Note that if your Input file consists of correlation coefficients only (e.g., from a published source), and no means, standard deviations, or N is available, you may simply assume standardized data (mean = 0, standard deviation = 1) and an N of, for example, 100 (N must be greater than the number of variables in the analysis). You will first need to add these four cases (means, standard deviation, cases and matrix) to your spreadsheet before you can run the analysis. Of course, in the results, the descriptive statistics for each variable are not meaningful in that case, however, the cluster analysis can be performed based on the correlation coefficients alone.

Cluster.
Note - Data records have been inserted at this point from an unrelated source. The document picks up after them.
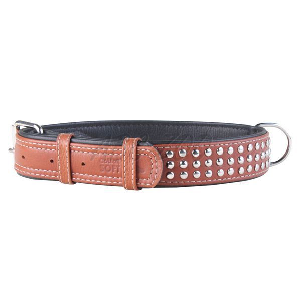 Ručně šitý, polstrovaný a elegantní obojek s kovovou aplikací. Vyroben z vysoce kvalitní kůže.
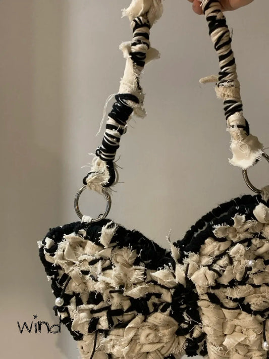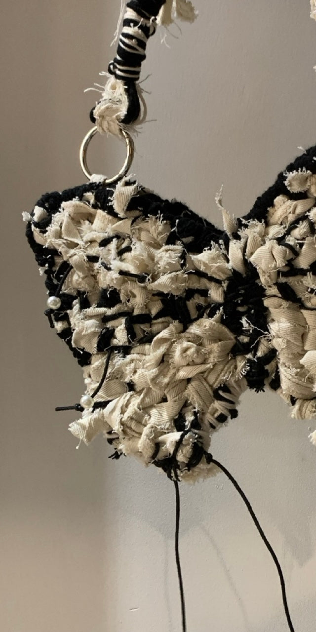 Blackwhite Butterfly丨Handmade Mixed-woven Denim Armpit Bag, Small Size
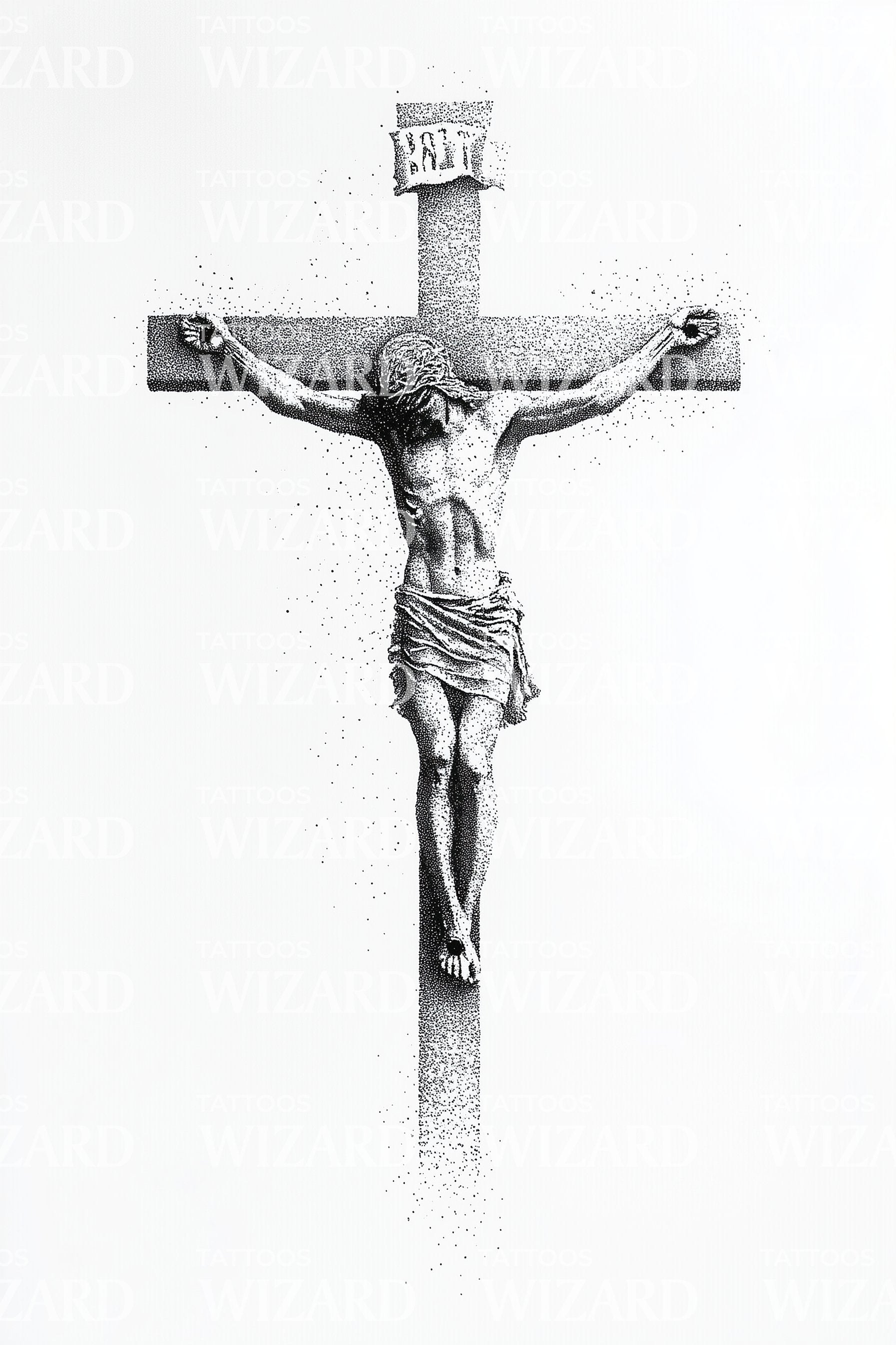 Svela la tua fede con questo classico disegno di tatuaggio a crocifisso in bianco e nero. Realizzato con la tecnica del dotwork, crea una figura visivamente sorprendente che esprime forza e devozione. La sua estetica senza tempo e l'atmosfera devota lo rendono un pezzo universalmente apprezzato sia dai credenti che dagli appassionati di tatuaggi.
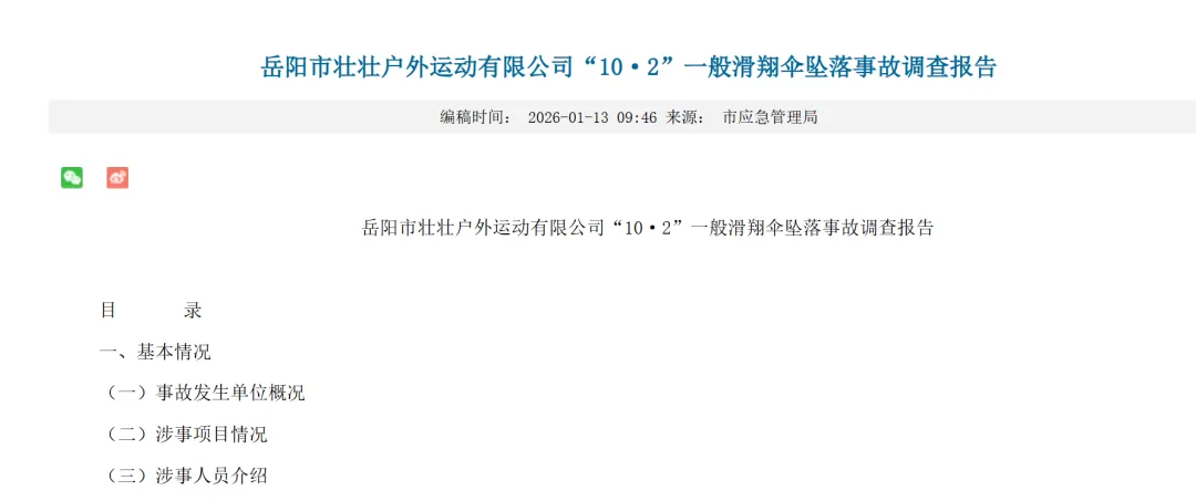 调查认定:岳阳市壮壮户外运动有限公司“10·2”一般滑翔伞坠落事故是一起新兴体育项目经营过程中,因涉事企业安全生产主体责任落实不力、从业人员管理失控、安全操作流程未执行,属地及行业部门监管责任落实不到位、跨区域协同监管缺失而导致的一般生产安全责任事故。
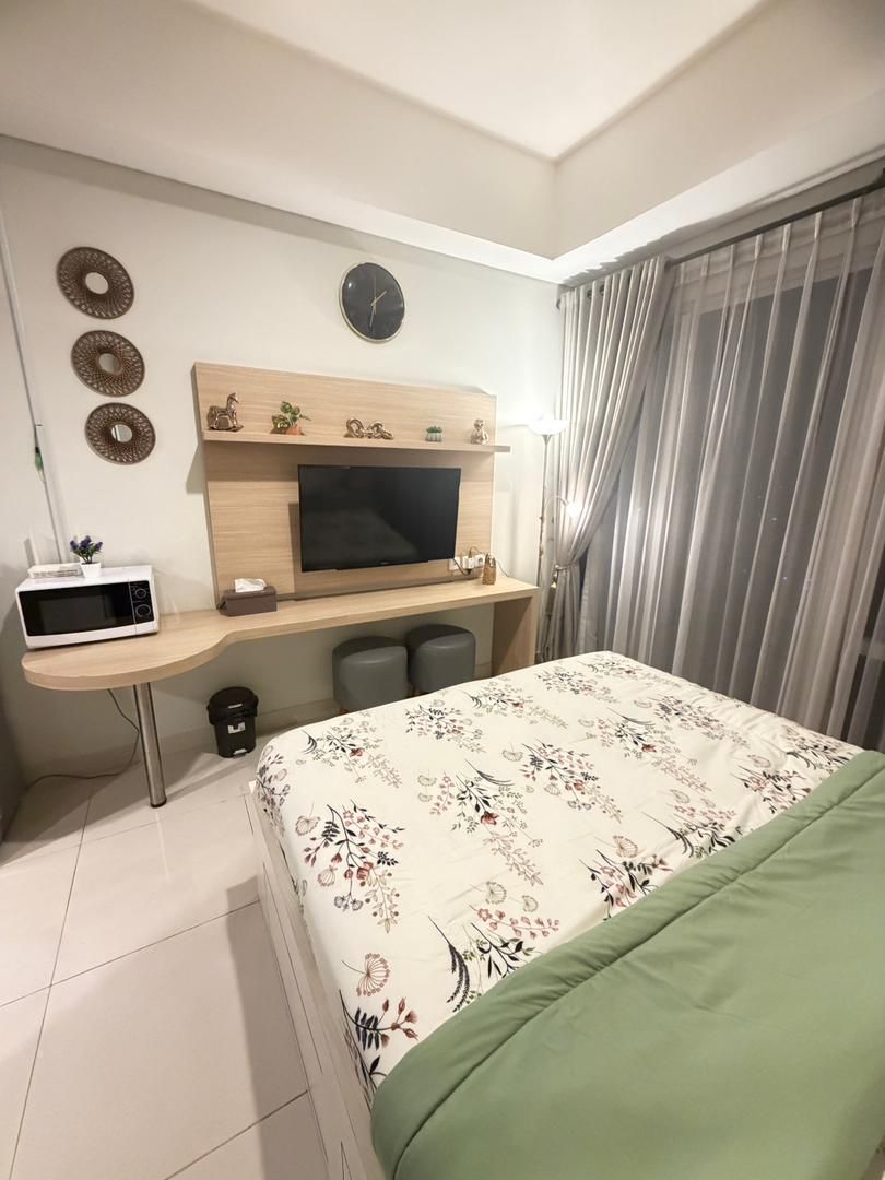 A cozy city-view stay with everything you need, right where you need it. What Guests Love - Connected to Green Sedayu Mall - shop/dine/cinema downstairs. - Strategic location to airport,PIK,offices,toll. - Resort facility - pool, gym, kids playground - Clean & bright room - large windows, balcony,city view - King Koil Queen Bed - Wifi - up to 33.2 mbps - Full kitchen - Full bathroom+hot shower - Washing machine Perfect For •Business trips •Tourist •Lay-over •Staycation •Employee •Family

The Cluster box contains two options: Variables (columns) and Cases (rows). The option you select determines how STATISTICA interprets the selected Variables. Note that the Cluster box is only available if Raw data is selected as the Input file.

Variables (columns). If Variables (Columns) is selected, STATISTICA interprets the selected Variables (see above) as objects.

Cases (rows). If Cases (rows) is selected, STATISTICA interprets the selected Variables as dimensions.

Amalgamation (linkage) rule. There are seven different amalgamation rules available in the Amalgamation (linkage) rule box: Single Linkage, Complete Linkage, Unweighted pair-group average, Weighted pair-group average, Unweighted pair-group centroid, Weighted pair-group centroid (median), and Ward's method. The default rule is Single Linkage (also called the "method of the nearest neighbors").

One of the main parameters that guides the joining (tree-clustering) process is the linkage rule, that is, the rule that determines when two clusters are to be joined (linked or amalgamated). For a detailed description of amalgamation rules, see Joining (Tree Clustering) Introductory Overview - Amalgamation or Linkage Rules.

Distance measure. There are seven different distance measures that can be computed from Raw data: Squared Euclidean distances, Euclidean distances, City-block (Manhattan) distances, Chebychev distance metric, Power: SUM(ABS(x-y)p)1/r, Percent disagreement, and 1-Pearson r.

The joining algorithm starts by first computing a matrix of distances between the objects that are to be clustered.  For a detailed description of these distances, refer to Joining (Tree Clustering) Introductory Overview - Distance Measures.

If Distance matrix is selected as the Input file, then Dissimilarities from matrix is automatically selected in the Distance measure box. If the input matrix is a correlation matrix, then the correlations (which denote the degree of similarity) will be transformed to dissimilarities (1 - r).

Power distance parameters. If the Power distances option is selected in the Distance measure box, specify the two parameters p and r for the power distance in these boxes.

Batch processing and reporting. If you select the Batch processing and reporting check box, STATISTICA automatically performs the analysis (after you click the OK button) and sends the entire output from the analysis to a workbook, individual windows, and/or to a report (depending to the options selected in the Analysis/Graph Output Manager).